So I just calibrate the altimeter best I can using a topo map, paper or the topo map on my GPS. I will resort to using my GPS elevation in worst case, but the GPS altitude always tends to be off way more than 100', as I later find when looking at the track on a map. But no matter what the initial calibration, the total altitude gain is still very accurate  by using barometric only.

I went through a lot of old tracks and recorded the actual drift from my barometric altimeter on a lot of rides (without using GPS calibration) from the start to end at the same point. Here's my results:

Total altitude drift for 2.5 hour ride (in feet):
-20, 20, 8, 35, 30, 75, 38, 35, 13, -28, 15, -20

Total altitude drift for 5 to 8 hour ride (in feet):
60, 8, 10, 60, 15, 85, 45, 30, 80, -60, -10, 40

This barometric drift is very slow, linear and cumulative, by comparison with GPS calibration that goes up and down all the time. So along the ride the error will even be smaller than the numbers above when using barometric alone.


----------



## MikeDee (Nov 17, 2004)

billee said:


> Not a problem in central Florida. The highest elevation in the area is the speed bump down the street from my house.


So, any concerns about global warming?


----------



## B R H (Jan 13, 2004)

Could you explain your "drift" measurements in more detail?


----------



## BigLarry (Jul 30, 2004)

*Barometric Drift*



B R H said:


> Could you explain your "drift" measurements in more detail?


I measure drift by looking at the barometric altitude reported by the GPS at the beginning and end of the ride while standing at exactly the same spot (often my car or garage) at the same altitude. Even if the altitude calibration is slightly off, the altitude should come back to the exact same number. So I measure the difference from beginning to end of the ride as how much the barometric altimeter has drifted over the ride.
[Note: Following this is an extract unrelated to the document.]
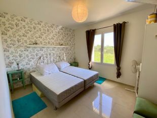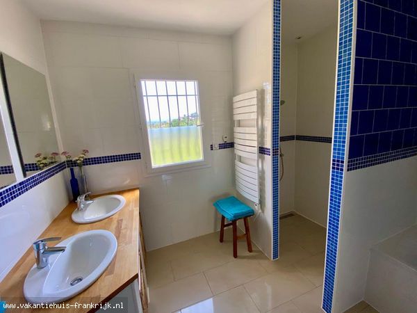 Er is 1 ruime slaapkamer met een tweepersoonsbed ( 1.80 breed), 1 slaapkamer met twee éénpersoonsbedden van 0.90 breed en een derde dlaapkamer met een tweepersoonsbed ( 1.60 breed). Er is een aparte badkamer met douche, bad en wastafel. Ook een apart toilet.
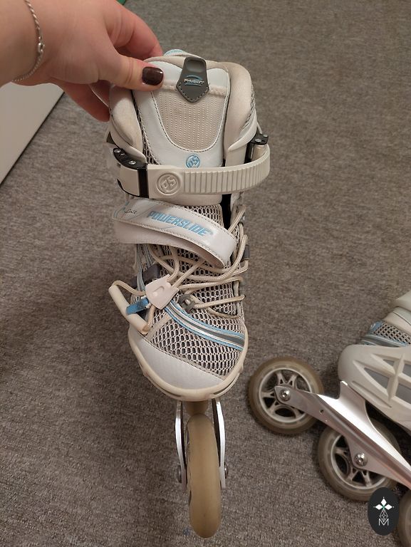 PowerSlide skrituļslidas 39. izmērs. Pirktas savam 38,5 izmēram, lai var vilkt biezāku zeķi.

I can get these numbers from my tracks.

When I carry two Garmin barometric altimeters (eTrex Vista and 60CSx), they track to each other amazingly well, to within a foot or two, along the entire route, and show the same drift at the end. Also, I get more drift when a weather front is coming in, or the temperature changes dramatically from a cold morning to a hot afternoon. So I'm convinced that most of the drift is normal air pressure changes that occur slowly over time. That is, going from low to high air pressure region. It doesn't take much air pressure change to show a difference in altitude.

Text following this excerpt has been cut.